The answer, unfortunately (or fortunately, depending on your perspective) is mathematical in nature.  More specifically topology.  For a glimpse of why, read today's New York Times article:

Singular Sensations

by Steven Strogatz.  A fun article, with the promise of a lot more in the future.  Give it a read.

One thing you will start to find.  We as mathematicians see our craft everywhere, in basically ALL places.  Math really is the exposure of logical structure, regardless of the context.  But it takes talent to expose that math in an engaging way to someone not trained to see it.  Mr. Strogatz has talent.

Happy reading.   

Wednesday, June 27, 2012

Math in the Media: Math Food?

One of the more basic and interesting shapes (spaces) in mathematics is the torus.  We typically describe is as the surface of a doughnut or bagel.  That it is mathematically different from the surface of a ball is a good entry point for a lay explanation of some fun higher mathematics. 

Speaking of a bagel, here is an interesting video on a way to mathematically play with your food:
A Mathematically Correct Breakfast
Buon appetito!!!

Monday, April 23, 2012

Math in the Media: To save this math class, we must destroy it!
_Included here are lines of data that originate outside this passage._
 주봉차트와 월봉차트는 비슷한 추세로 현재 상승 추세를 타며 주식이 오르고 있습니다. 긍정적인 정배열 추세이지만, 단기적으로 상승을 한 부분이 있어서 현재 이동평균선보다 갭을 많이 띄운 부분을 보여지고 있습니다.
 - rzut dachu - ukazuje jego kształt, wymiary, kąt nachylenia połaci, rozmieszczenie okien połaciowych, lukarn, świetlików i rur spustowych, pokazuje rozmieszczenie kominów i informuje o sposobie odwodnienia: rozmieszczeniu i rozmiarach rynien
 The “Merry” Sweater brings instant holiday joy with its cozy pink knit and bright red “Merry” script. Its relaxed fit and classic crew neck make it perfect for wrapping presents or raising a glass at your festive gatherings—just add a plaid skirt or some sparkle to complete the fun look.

Words failed me (mostly) when I read this article today in the Washington Post:
At Virginia Tech,  Computers Help Solve a Math Class Problem
It is a common problem that the transition from high school mathematics courses to those at university can be quite difficult to make.  Even in courses whose content is basically the same, like Calculus AB in the AP system and what most universities call Calculus I, the treatment of that content is much different here at the university.  Of course, students sometimes do not do well.  And I am sure that sub-standard teaching from some of us up here may be a part of it.  We need very much to analyze how we teach and learn to do a better job!  And many of us are.  IN fact, here at Hopkins, we are devoting a LOT of resources precisely to this problem of how to better and more comprehensively educate our incoming students.
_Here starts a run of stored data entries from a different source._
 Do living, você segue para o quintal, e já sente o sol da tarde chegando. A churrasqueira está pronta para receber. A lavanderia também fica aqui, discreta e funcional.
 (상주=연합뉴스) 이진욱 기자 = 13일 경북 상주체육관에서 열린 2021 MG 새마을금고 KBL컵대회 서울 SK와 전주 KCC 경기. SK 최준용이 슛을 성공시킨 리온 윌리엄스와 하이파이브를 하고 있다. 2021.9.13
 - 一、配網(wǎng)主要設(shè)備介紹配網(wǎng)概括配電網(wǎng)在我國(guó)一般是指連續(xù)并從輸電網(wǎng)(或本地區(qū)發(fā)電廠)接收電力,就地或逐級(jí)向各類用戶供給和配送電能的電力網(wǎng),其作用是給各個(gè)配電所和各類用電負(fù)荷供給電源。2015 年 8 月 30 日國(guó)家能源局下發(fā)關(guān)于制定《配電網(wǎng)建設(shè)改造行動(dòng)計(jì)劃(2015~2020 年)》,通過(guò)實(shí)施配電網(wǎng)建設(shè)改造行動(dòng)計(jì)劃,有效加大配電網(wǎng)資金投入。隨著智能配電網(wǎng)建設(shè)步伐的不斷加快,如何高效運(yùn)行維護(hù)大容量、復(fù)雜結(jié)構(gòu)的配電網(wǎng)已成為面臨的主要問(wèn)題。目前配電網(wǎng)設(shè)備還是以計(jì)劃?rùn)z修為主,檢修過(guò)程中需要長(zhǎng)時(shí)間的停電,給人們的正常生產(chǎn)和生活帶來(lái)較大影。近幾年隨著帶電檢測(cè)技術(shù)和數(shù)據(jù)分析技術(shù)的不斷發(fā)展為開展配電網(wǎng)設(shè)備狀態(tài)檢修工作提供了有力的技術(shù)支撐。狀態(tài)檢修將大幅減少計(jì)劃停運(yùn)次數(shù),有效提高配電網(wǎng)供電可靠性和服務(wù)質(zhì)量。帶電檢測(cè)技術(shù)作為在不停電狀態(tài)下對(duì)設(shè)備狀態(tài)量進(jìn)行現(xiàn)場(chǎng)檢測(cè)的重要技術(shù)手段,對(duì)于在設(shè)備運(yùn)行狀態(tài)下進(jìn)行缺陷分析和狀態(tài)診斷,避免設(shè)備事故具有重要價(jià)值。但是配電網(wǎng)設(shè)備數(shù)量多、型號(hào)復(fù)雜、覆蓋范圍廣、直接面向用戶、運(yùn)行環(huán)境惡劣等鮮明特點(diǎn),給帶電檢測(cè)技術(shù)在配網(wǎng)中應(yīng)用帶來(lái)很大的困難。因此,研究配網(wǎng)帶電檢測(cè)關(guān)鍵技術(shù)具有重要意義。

But to help cure the "problem" of not-high-enough passing rates by essentially removing instructor face-time from teaching!?!  That is patently absurd in my book.

Mathematics is absolutely NOT about learning a few techniques to apply to standard problems set up to test those techniques, which is exactly what many unit-based, worksheet driven, math courses seem to be like pre-college level.  Porting that type of course to the university level may in fact raise passing rates.  But without the ability to study nuanced mathematical ideas and relationships via discussion and debate (think Socrates), one never learns how to THINK mathematically.  Only to calculate.

Maybe that is what VTech is looking for.  I, for one, am not.